Frances McCullen (Chloë Grace Moretz) thinks she is doing a good deed. After finding a designer purse on the subway, the Boston native currently living in New York City with her college best friend Erica Penn (Maika Monroe) decides to return it to the owner herself. That person turns out to be the eccentrically friendly Greta Hideg (Isabelle Huppert), a French piano teacher currently living alone what with her daughter studying ballet in Paris and her beloved husband dead from illness for quite some time now. The pair strike up an instant friendship, the older woman seeing in Frances the daughter who has left for bigger and brighter things while the young woman notices in the kindly Greta fragments of the mother she herself lost to cancer just one year prior.

All seems wonderful. The pair become inseparable, Frances even convincing Greta to adopt a dog from the local shelter. But things get increasingly strange. Erica is the first one to notice it, imploring Frances to be careful and not let the older woman get too close too fast. Greta doesn't like it when her young new friend starts trying to put a little distance between the two of them. She shows up at Frances' work and makes a scene that compels the police to be notified. She calls her at all hours leaving a variety of alarming messages. Greta even starts stalking Erica, sending pictures of the blonde flibbertigibbet to Frances that make it look like she is about to do something despicable to her.

There's a lot to say about director Neil Jordan's Greta, much of which one doesn't want to dig too deeply into as doing so might inadvertently reveal a few of the more playfully malevolent surprises hidden within his and Ray Wright's (The Crazies) creatively disturbing screenplay.

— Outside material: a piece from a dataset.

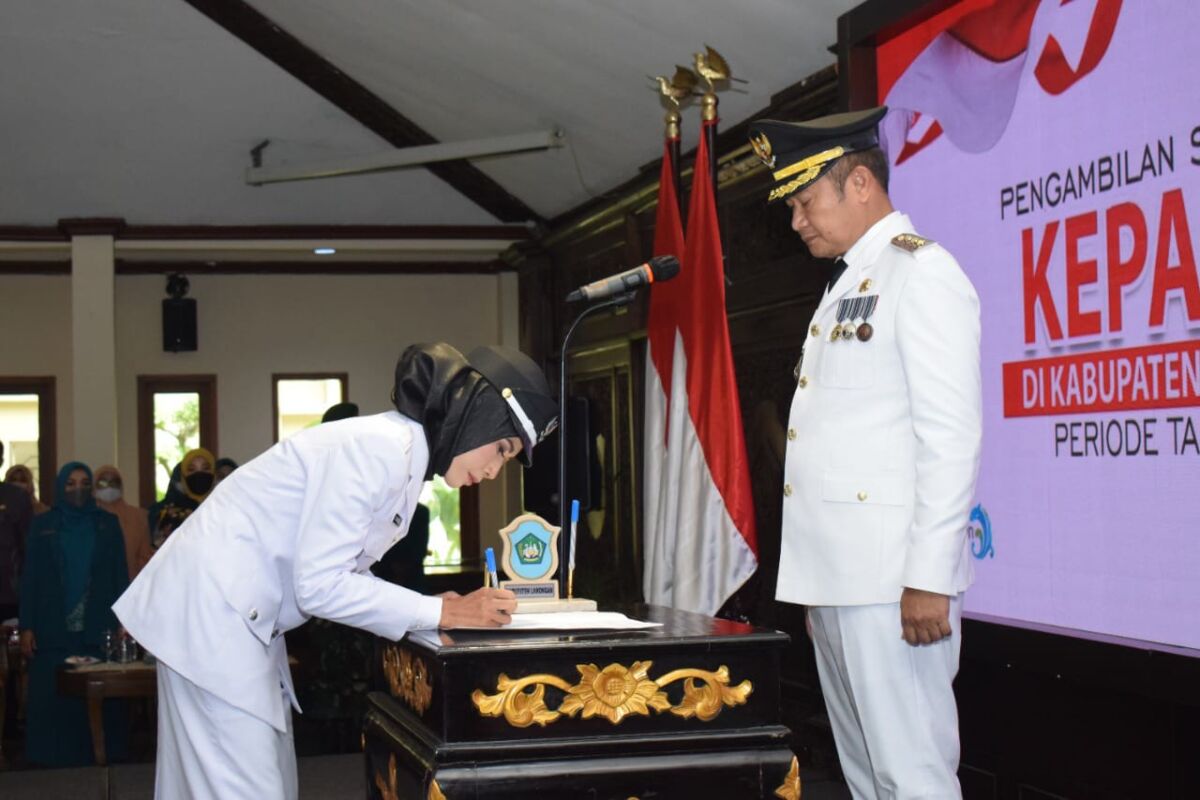 Kabar1lamongan.com – Sebanyak 60 Kades hasil pemilihan Kepala Desa (Pilkades) serentak 2022 yang berlangsung 26 Juli 2022 lalu dilantik dan diambil sumpahnya oleh Bupati Lamongan Yuhronur Efendi pada Jumat (12/8) di Pendopo Lokatantra Lamongan.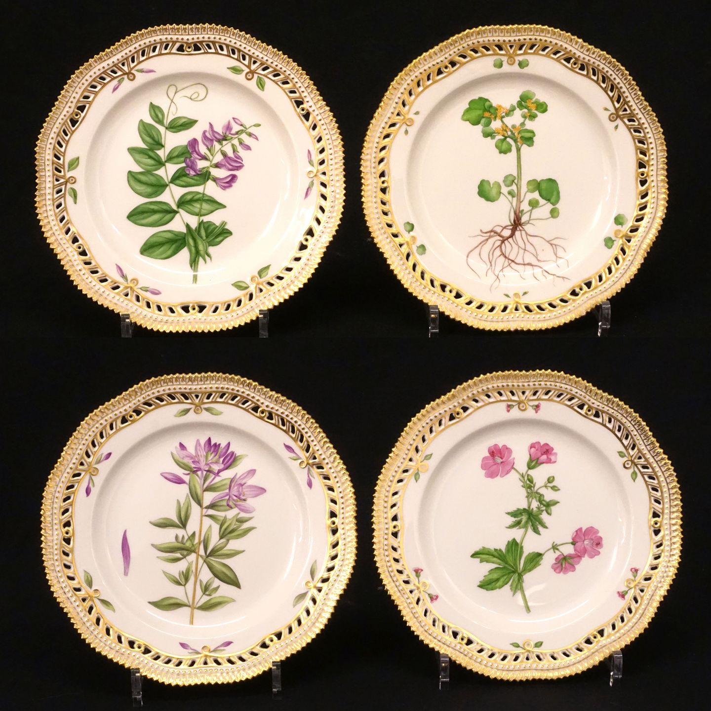 Royal Copenhagen: Satz von vier Desserttellern, Porzellan #3533 D: 23cm Bestellnummer: 28518

What can be said is that the movie is indeed a thriller, and Greta Hideg isn't a woman to be trifled with. Not only does she demand respect, but she'll also do whatever she wants to in order to ensure she gets it, her murderously quirky charm concealing an explosively acidic temper that once unleashed cannot be easily contained. Greta knows what she wants, friendship and companionship, Frances only the most recent innocent young woman to discover this, much to her own personal peril.

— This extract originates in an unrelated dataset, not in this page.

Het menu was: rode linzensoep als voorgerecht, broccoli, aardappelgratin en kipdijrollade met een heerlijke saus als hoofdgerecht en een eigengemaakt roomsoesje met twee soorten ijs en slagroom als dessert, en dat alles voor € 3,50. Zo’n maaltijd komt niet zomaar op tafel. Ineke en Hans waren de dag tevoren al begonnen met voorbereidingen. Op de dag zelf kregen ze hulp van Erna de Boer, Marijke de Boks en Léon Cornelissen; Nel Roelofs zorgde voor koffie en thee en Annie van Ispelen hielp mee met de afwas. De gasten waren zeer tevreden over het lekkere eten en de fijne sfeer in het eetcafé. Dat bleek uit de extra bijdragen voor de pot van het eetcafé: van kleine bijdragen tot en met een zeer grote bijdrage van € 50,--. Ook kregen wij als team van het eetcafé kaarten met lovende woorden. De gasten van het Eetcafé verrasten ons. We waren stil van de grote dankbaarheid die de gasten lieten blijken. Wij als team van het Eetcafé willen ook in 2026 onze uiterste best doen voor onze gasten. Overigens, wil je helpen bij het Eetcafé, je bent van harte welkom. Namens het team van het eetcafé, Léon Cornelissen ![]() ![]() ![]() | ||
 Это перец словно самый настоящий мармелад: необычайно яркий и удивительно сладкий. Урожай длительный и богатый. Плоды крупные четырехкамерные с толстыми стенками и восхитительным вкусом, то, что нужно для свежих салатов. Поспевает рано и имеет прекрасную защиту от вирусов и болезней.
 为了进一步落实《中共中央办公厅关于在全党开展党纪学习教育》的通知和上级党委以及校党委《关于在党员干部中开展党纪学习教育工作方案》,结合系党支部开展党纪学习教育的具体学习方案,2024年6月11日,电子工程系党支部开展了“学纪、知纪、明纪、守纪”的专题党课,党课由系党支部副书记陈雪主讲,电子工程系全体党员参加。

For Jordan, this movie is a long way from the Oscar-winning heights of The Crying Game or of the mesmerizing strength of titles as richly diverse as Mona Lisa, Interview with the Vampire: The Vampire Chronicles, The End of the Affair, The Good Thief or Byzantium. But he's just too great a filmmaker for this fancifully devilish thriller not to resonate, and much like his 1999 unhinged psychedelic psychological freak-out In Dreams or his whacky, colorfully volatile 1984 take on the 'Red Riding Hood' fairy tale The Company of Wolves there's just too much idiosyncratic awesomeness for this effort to be construed as anything even remotely akin to a failure. The film's unconventional weirdness allows it to resonate on an oddly intimate level that's extraordinary, and while plot holes abound inside Jordan and Wright's script most of them are so minor pointing them out feels like a waste of time.

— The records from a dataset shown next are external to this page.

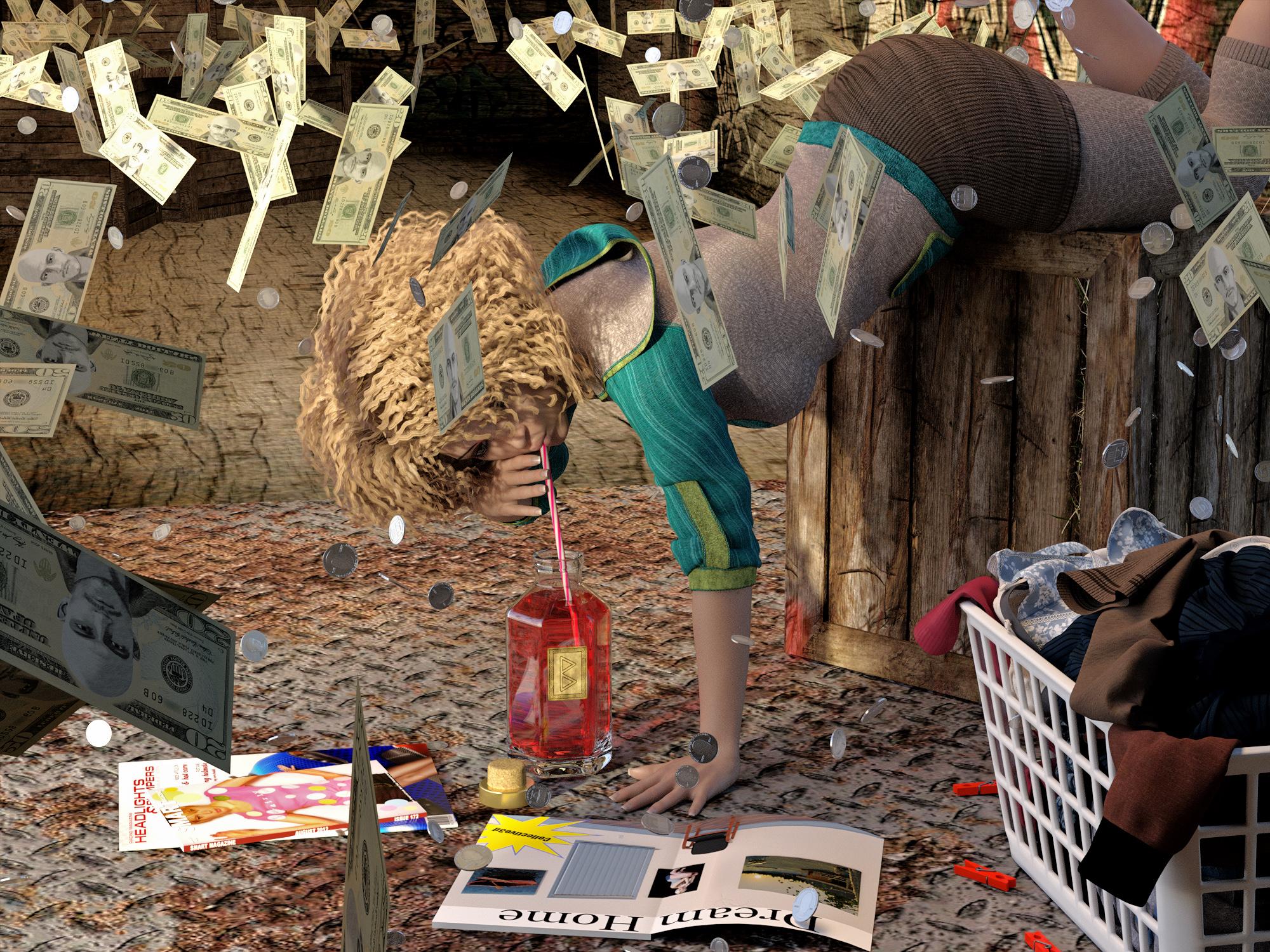 While relaxing in her meagerly furnished box car home, Susie Q sipped Wealth Potion and flipped through Dream Home magazine. Suddenly, it started raining money! She may be able to buy that Collective3d home of her dreams after all.
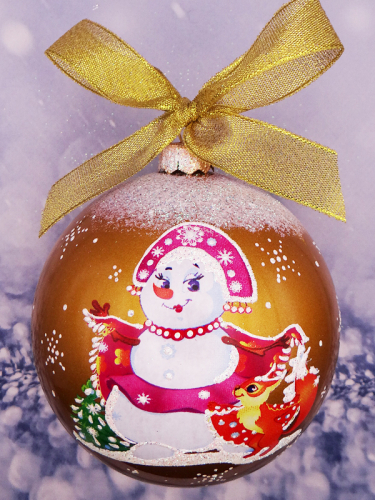 Двусторонний стеклянный елочный шар диаметром 100 мм. Одна сторона шара уже с нанесенным изображением новогодней тематики представленным на фото, другая сторона для Вашего пожелания (имени, поздравления).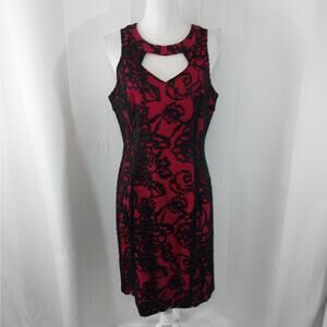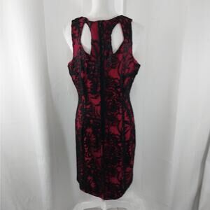 NWOT! ALBERTO MAKALI! FUSCHIA PINK)RED WITH BLACK LACE OVERLAY DRESS! SZ L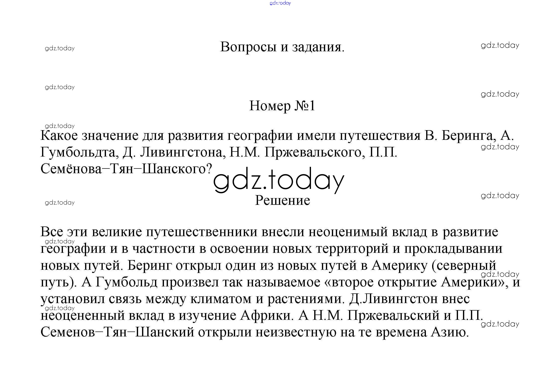 Ответы к Вопросы и задания §16. Исследования океана и внутренних частей материков 1 Учебнику по Географии для 5-6 класса Климанова, Климанов Дрофа Вертикаль 2017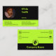 Un entrepreneur professionnel petit carte de visite en vert et noir chaux vive offre des espaces réservés sous la forme d'un logo personnalisé rond et nom d'entreprise avec des symboles réseau personnalisés pour se connecter et socialiser. Sur le côté avant se trouvent des espaces réservés pour une photo ronde personnalisée avec des champs de texte personnalisés qui incluent le nom, les coordonnées et l'adresse. Il est possible de personnaliser davantage la police, la taille de police, la couleur de police et la couleur de l'arrière - plan et des formes. Si vous avez besoin d'aide ou souhaitez discuter d'un design personnalisé, contactez https://t.me/KBMD3signs_chat.
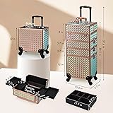 Stagiant Rolling Makeup Case Cosmetology Case on Wheels 4 in 1 Large Cosmetic Organizer Train Case Makeup Travel Case with Key Swivel Wheels Nail Artist Salon Storage Traveling Cart Trunk Rose Gold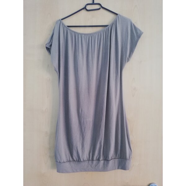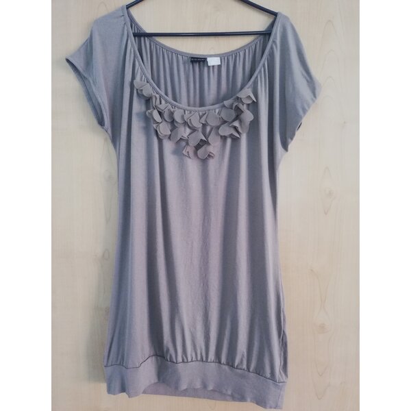 bequemes langes T-Shirt aus lockerleichtem Stoff in einem hellen Khaki-Ton, mit netter Blütenverzierung am Ausschnitt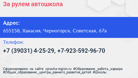 За рулем, автошкола по адресу 655158, Хакасия, Черногорск, Советская, 67а в дальнейшем Организация, размещена в следующих категориях:

Then there is the luminous Huppert. The daring, forcefully dynamic actress has played a myriad of incredible characters in her four-plus decade career, and as her recent Academy Award-nominated performance in 2016's Elle showed she has no intent on slowing down or playing things safe anytime soon. While it's unlikely Greta Hideg will be remembered in the same breath as the character she portrayed in Paul Verhoeven's drama or in exceptional motion pictures like The Piano Teacher, Things to Come, La Cérémonie, La Séparation, Madame Bovary, Coup de Torchon and so many additional titles impossible to name here, that does not mean she isn't any less magnificent. This vicious little performance is the raison d'être to give this feature a look, Huppert dominating to such a staggering degree it's doubtful the thriller would have been even passingly worthwhile had she declined to be a part of the production. She's perfect, one little moment where she bemusedly ballet dances across a hardwood living room floor after doing something horrendous having me clutching my throat in terrifying chills while giggling madly at the sheer lunacy of her antics all at the exact same time.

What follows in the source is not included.